In contrast, DPCSE-Net attains comparable diagnostic performance within a lightweight, end-to-end design. The dual-path structure efficiently captures multiscale features, and the integrated SE attention mechanism strengthens discriminative learning without increasing architectural depth. Moreover, the inclusion of Grad-CAM, SE attention heatmaps, and Integrated Gradients provides intrinsic interpretability, offering clearer insight into the model’s decision process than traditional “black-box” CNNs.

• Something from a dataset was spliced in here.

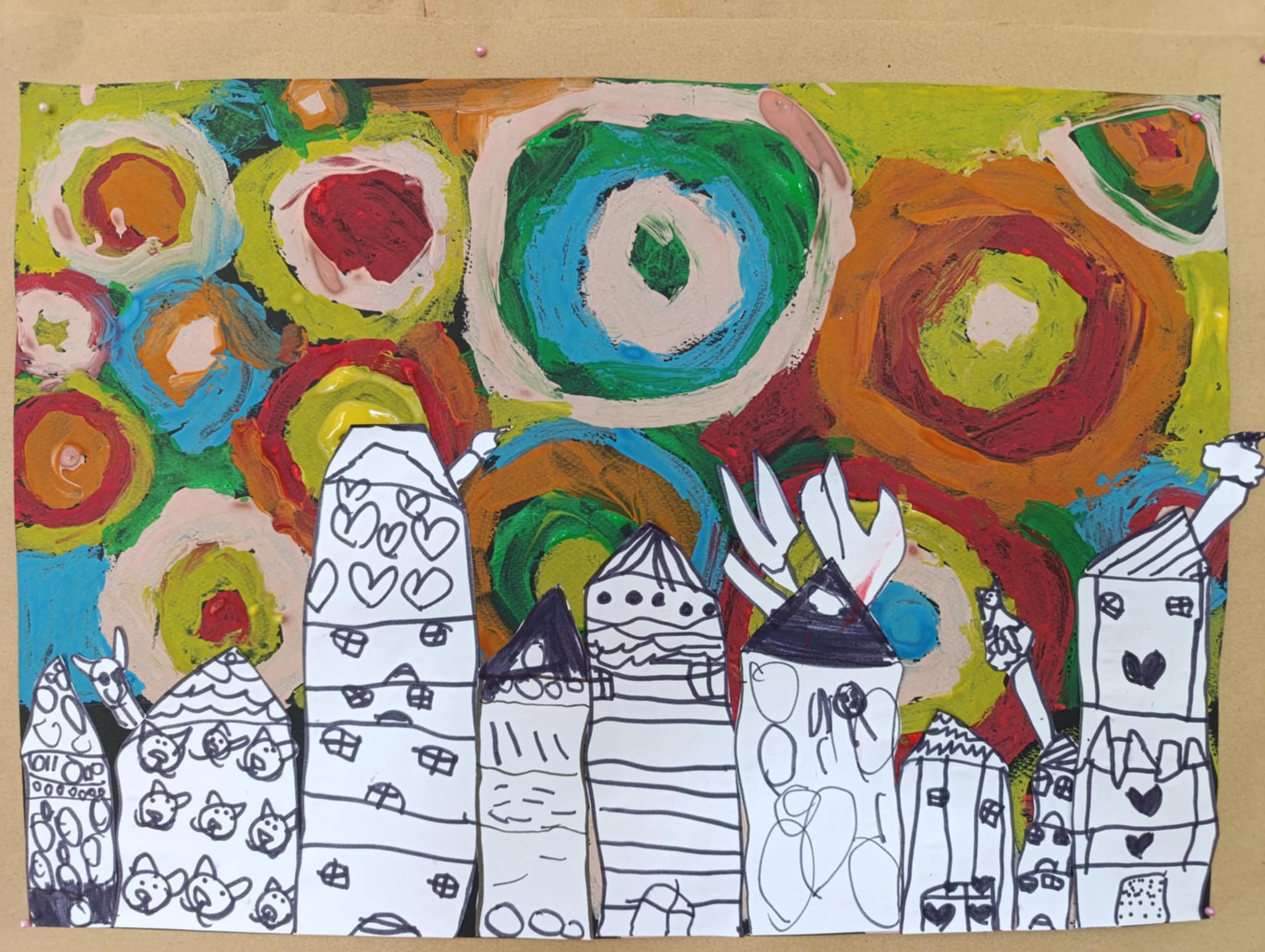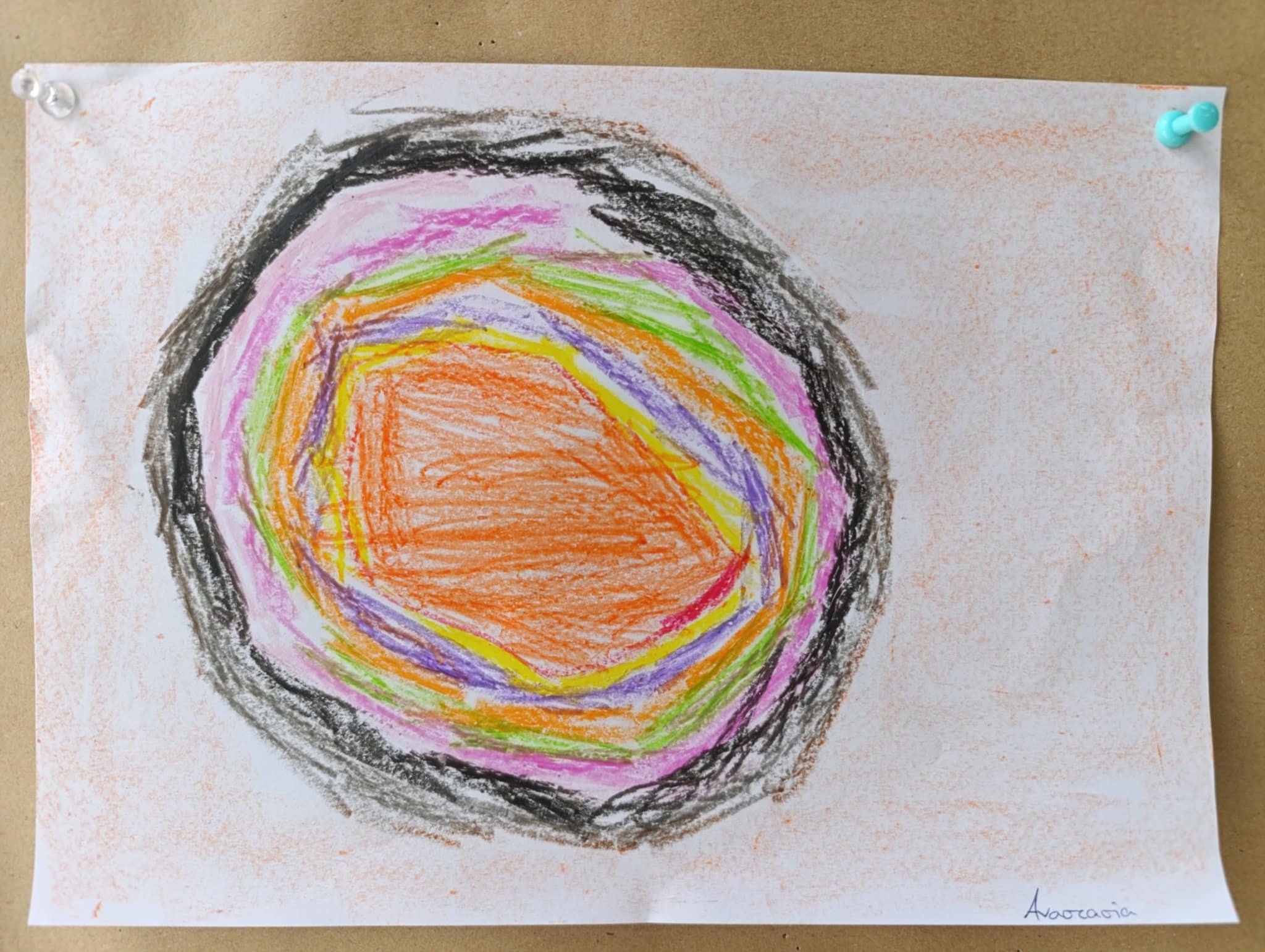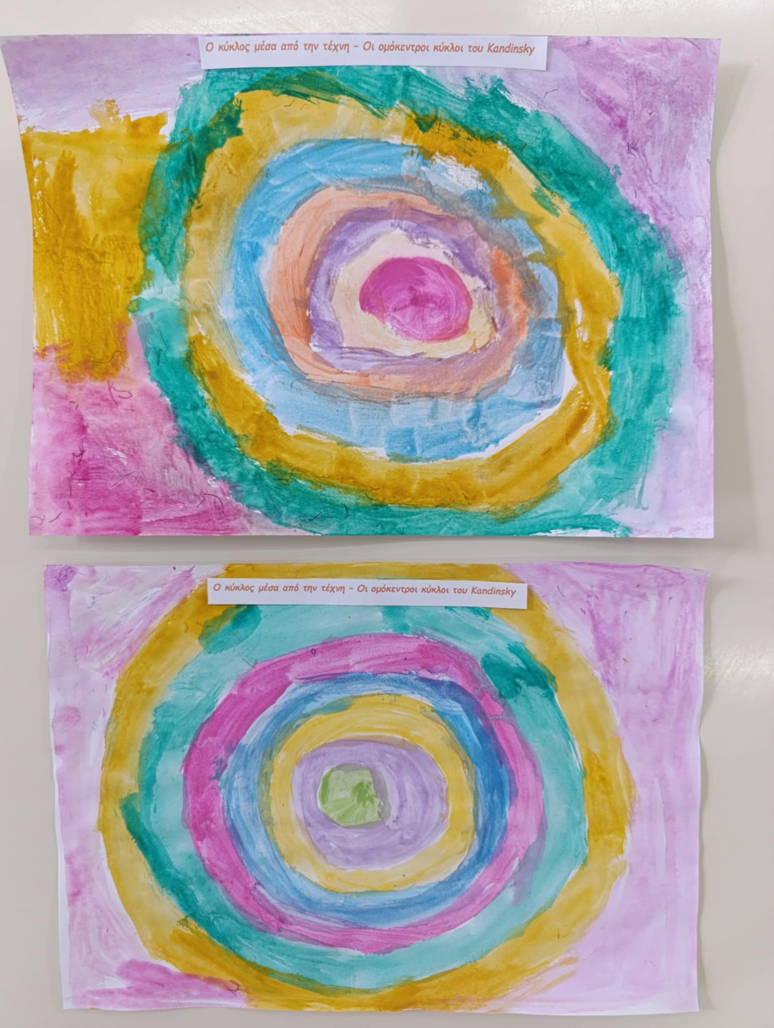 Παρατηρήσαμε έργα τέχνης με κύκλους και έτσι γνωρίσαμε τον Klimt και τον Kandinsky, αναγνωρίσαμε το σχήμα του κύκλου στα έργα τους, μετρήσαμε πόσους κύκλους βλέπουμε, επεξεργαστήκαμε τα χρώματα τους.

These characteristics highlight DPCSE-Net as a compact, efficient, and transparent alternative to existing approaches, supporting its suitability for practical and clinically oriented histopathology workflows.

5.4. Limitations

Despite these promising results, several aspects warrant further investigation. The current evaluation was limited to the LC25000 dataset, which, although diverse, may not fully capture the histopathological variability encountered across clinical centers and staining protocols. Future studies should integrate robust stain normalization techniques and conduct multi-center validation to ensure generalizability. Moreover, real-world clinical images often exhibit artifacts, variable image quality, and borderline cases not well represented in curated datasets. Another limitation is that the LC25000 dataset consists of fixed-size image patches rather than whole-slide images (WSIs), which restricts the evaluation of model performance under real clinical conditions. This limitation prevents the assessment of robustness to tissue folds, debris, slide preparation variability, heterogeneous tumor margins, and other artifacts that routinely appear in diagnostic workflows.

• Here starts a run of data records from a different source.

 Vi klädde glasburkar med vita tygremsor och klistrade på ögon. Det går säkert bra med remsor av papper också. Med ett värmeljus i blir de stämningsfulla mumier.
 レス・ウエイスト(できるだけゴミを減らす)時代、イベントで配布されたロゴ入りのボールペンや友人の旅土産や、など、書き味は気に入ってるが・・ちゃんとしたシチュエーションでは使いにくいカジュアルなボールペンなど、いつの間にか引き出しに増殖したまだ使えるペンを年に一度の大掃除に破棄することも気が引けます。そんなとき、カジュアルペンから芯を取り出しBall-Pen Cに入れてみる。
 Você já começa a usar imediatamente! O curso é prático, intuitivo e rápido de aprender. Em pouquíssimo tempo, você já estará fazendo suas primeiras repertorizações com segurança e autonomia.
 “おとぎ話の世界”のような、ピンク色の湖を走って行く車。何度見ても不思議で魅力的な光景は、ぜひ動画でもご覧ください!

5.5. Clinical Considerations and Future Work

The deployment of AI diagnostic systems also requires careful consideration of ethical and regulatory dimensions. While DPCSE-Net’s explainability features improve transparency, the model should serve as an assistive tool under pathologist supervision rather than an autonomous diagnostic system. Ensuring regulatory compliance, data privacy, and extensive clinical validation across diverse populations remains essential for clinical adoption. Future work will include pathologist-in-the-loop evaluations to assess the practical utility of the explainability features in routine diagnostic workflows.

5.6. Overall Implications

Overall, the findings demonstrate that integrating lightweight multiscale feature extraction with embedded channel attention and interpretability mechanisms yields a powerful yet transparent framework for cancer histopathology classification. DPCSE-Net not only achieves strong empirical performance but also establishes a practical foundation for developing deployable and trustworthy AI systems in digital pathology. The insights gained from this study may guide the design of future architectures that jointly emphasize diagnostic accuracy, efficiency, and interpretability in medical imaging applications.

6. Conclusions

The aim of this study was to develop a lightweight, accurate, and interpretable deep learning framework for the automated classification of lung and colon histopathological images. This study introduced DPCSE-Net, a lightweight dual-path convolutional neural network enhanced with a Squeeze-and-Excitation (SE) attention mechanism for automated classification of lung and colon histopathological images. By integrating multiscale feature extraction with adaptive channel recalibration, the framework achieves a strong balance between accuracy, interpretability, and computational efficiency. The proposed model achieved a classification accuracy of 99.88% on the LC25000 dataset, demonstrating competitive or superior performance compared with recent state-of-the-art methods while requiring fewer parameters and lower computational cost. Furthermore, integrated explainability techniques, including Grad-CAM, SE attention heatmaps, and Integrated Gradients, provided transparent visual evidence that the model focuses on diagnostically meaningful regions, reinforcing its clinical reliability. Future work will extend DPCSE-Net to multi-center datasets with varied staining conditions and include pathologist-in-the-loop validation to enhance generalizability and clinical adoption.